Welcome Janice to the SHJ family! Janice has recently adopted Judaism and has chosen the Hebrew name Mora Teva! Read below to learn more about Janice’s journey to Humanistic Judaism.
I was born into a Protestant family of mainly English, Scottish, and Scots-Irish heritage. My parents were not very religious but still claimed to believe in God; however, throughout my life I have become progressively less convinced in the existence of a God, mainly because I don’t see any physical or logical evidence for such an entity. For example, I learned as a child at school that different cultures at different times believed in different gods; and it occurred to me that not only could they not all be correct, it was quite possible that none of them were correct. In addition, when I was 13, my 19-year-old cousin was killed in an automobile accident, and the devastation this caused my family further strengthened my doubt as to the existence of a God. Finally, my learning more and more about the Holocaust while in high school confirmed for me that there simply couldn’t be a God, or at least not one that I could worship.
By the time I entered college, I had decided to become a scientist, and I accordingly majored in biology. I also met a young man who was a year older than I, Jewish, and a chemistry major. He and I married after I graduated from college, and I automatically became a member of a large Jewish family. I quickly grew very fond of my mother-in-law, who treated me with warmth and kindness, whereas my own mother was highly critical and often verbally abusive towards me. My father-in-law, unfortunately, was a little less accepting of me, and even expressed at one of our family dinners his displeasure with Jews marrying non-Jews. As the years went by, however, and I celebrated more Jewish holidays than Christian as well as participated in various Shabbat services, weddings, and Bar and Bat Mitzvahs, my father-in-law seemed to mellow towards me; and one afternoon as we were exiting a synagogue, he tapped me on the shoulder. When I turned around, he smiled at me and dubbed me an “honorary Jew,” and I knew that he had finally accepted me. A few years later, my mother-in-law asked me why I had never formally converted to Judaism, and I replied that I found the idea of converting to any religion somewhat hypocritical as I was an atheist and therefore couldn’t declare any particular allegiance to a God. She nodded as if she understood and never brought up the subject again.

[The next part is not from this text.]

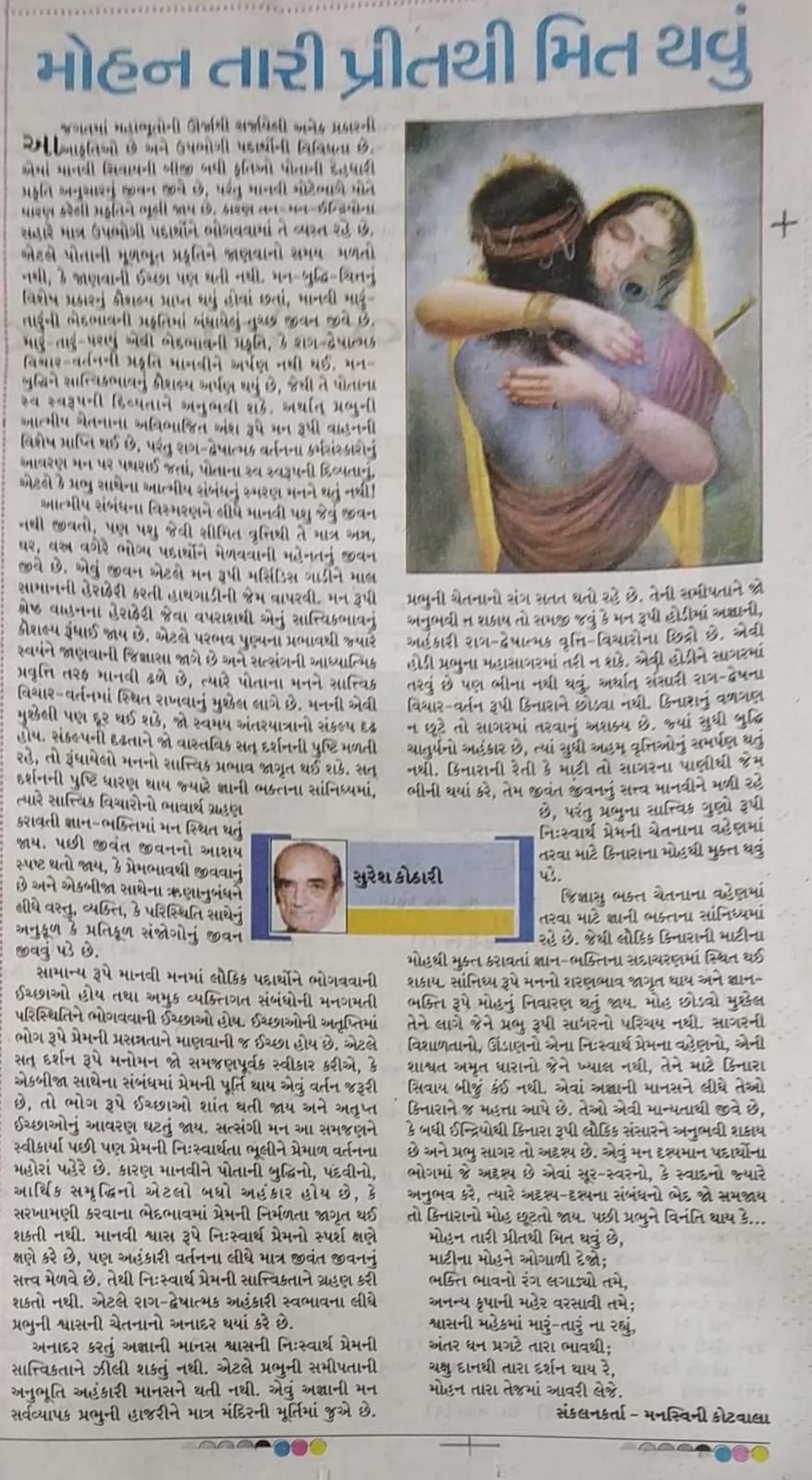 આ જગતમાં મહાભૂતોની ઊર્જાથી સર્જાયેલી અનેક પ્રકારની આકૃતિઓ છે અને ઉપભોગી પદાર્થોની વિવિધતા છે. એમાં માનવી સિવાયની બીજી બધી કૃતિઓ પોતાની દેહધારી પ્રકૃતિ અનુસારનું જીવન જીવે છે. પરંતુ માનવી મોટેભાગે પોતે ધારણ કરેલી પ્રકૃતિને ભૂલી જાય છે. કારણ તન-મન-ઈન્દ્રિયોના સહારે માત્ર ઉપભોગી પદાર્થોને ભોગવવામાં તે વ્યસ્ત રહે છે. એટલે પોતાની મૂળભૂત પ્રકૃતિને જાણવાનો સમય મળતો નથી, કે જાણવાની ઈચ્છા પણ થતી નથી. મન-બુદ્ધિ-ચિત્તનું વિશેષ પ્રકારનું કૌશલ્ય પ્રાપ્ત થયું હોવાં છતાં, માનવી મારું-તારુંની ભેદભાવની પ્રકૃતિમાં બંધાયેલું તુચ્છ જીવન જીવે છે. મારું-તારું-પરાયું એવી ભેદભાવની પ્રકૃતિ, કે રાગ-દ્વેષાત્મક વિચાર-વર્તનની પ્રકૃતિ માનવીને અર્પણ નથી થઈ. મન-બુદ્ધિને સાત્ત્વિકભાવનું કોશલ્પ અર્પણ થયું છે, જેથી તે પોતાના સ્વ સ્વરૂપની દિવ્યતાને અનુભવી શકે. અર્થાત્ પ્રભુની આત્મીય ચેતનાના અવિભાજિત અંશ રૂપે મન રૂપી વાહનની વિશેષ પ્રાપ્તિ થઇ છે. પરંતુ રાગ- દ્વેષાત્મક વર્તનના કર્મસંસ્કારોનું આવરણ મન પર પથરાઈ જતાં, પોતાના સ્વ સ્વરૂપની દિવ્યતાનું, એટલે કે પ્રભુ સાથેના અાત્મીય સંબંધનું સ્મરણ મનને થતું નથી!

A few years ago, I submitted my DNA for analysis and was surprised to be informed that I was 1% Ashkenazi Jew. (When I told my rabbinical assistant sister-in-law of this development, I
thought that she’d laugh, but instead she seemed quite excited that even a tiny part of me was ethnically Jewish.) Tracing back my mother’s ancestry six or seven generations, I found a
couple of German ancestors who might very well have been Jewish; and this discovery, combined with my immersion in Jewish culture over the past 50 years, my great respect for
Jewish values and scholarship, and my two adult sons identifying as Jewish, resulted in my beginning to seek out some way that I could more definitively declare my solidarity with the
Jewish people. As we believe in the tenants of humanism far more than we do in any religion, my husband and I had already joined the American Humanist Association; however, this didn’t
reflect my identification with the Jewish culture. But then I discovered the Society for Humanistic Judaism! Yes! I thought. I can now be officially recognized as Jewish without being forced to
declare a belief in a supernatural being – perfect!